▸ **What you will do**: Reproduce, exactly and only, the lines of the data that follows from the one containing "Cast bronze mow-over" down to the one containing "- Petróleo, Gás", without pictures.

▸ **Data provided**:
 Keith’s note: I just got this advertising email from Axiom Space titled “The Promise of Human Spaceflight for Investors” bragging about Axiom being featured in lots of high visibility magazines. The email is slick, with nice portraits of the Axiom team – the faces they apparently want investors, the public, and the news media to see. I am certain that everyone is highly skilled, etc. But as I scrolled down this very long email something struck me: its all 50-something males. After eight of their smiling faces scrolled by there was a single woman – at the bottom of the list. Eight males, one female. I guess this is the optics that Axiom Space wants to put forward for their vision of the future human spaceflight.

==

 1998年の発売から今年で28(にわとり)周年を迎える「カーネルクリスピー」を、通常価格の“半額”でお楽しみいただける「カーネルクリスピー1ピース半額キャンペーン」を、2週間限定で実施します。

...

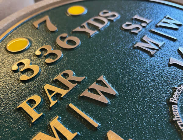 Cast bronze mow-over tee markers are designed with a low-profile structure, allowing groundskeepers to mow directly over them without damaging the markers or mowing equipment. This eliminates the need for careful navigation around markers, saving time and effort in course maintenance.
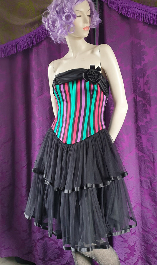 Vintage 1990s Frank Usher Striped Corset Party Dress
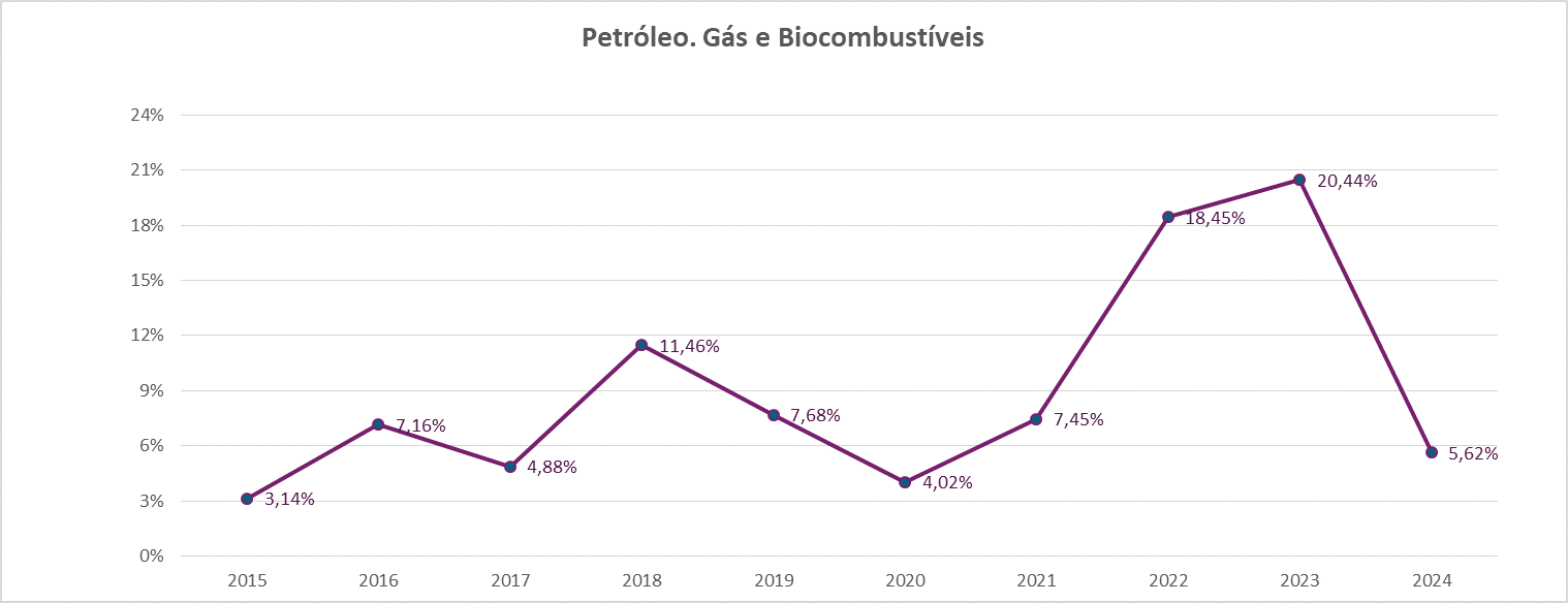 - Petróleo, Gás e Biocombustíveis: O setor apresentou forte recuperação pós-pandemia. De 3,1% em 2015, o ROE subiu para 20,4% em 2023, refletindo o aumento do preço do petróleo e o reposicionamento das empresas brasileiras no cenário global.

▸ **Response to this exercise**:
 Cast bronze mow-over tee markers are designed with a low-profile structure, allowing groundskeepers to mow directly over them without damaging the markers or mowing equipment. This eliminates the need for careful navigation around markers, saving time and effort in course maintenance.
 Vintage 1990s Frank Usher Striped Corset Party Dress
 - Petróleo, Gás e Biocombustíveis: O setor apresentou forte recuperação pós-pandemia. De 3,1% em 2015, o ROE subiu para 20,4% em 2023, refletindo o aumento do preço do petróleo e o reposicionamento das empresas brasileiras no cenário global.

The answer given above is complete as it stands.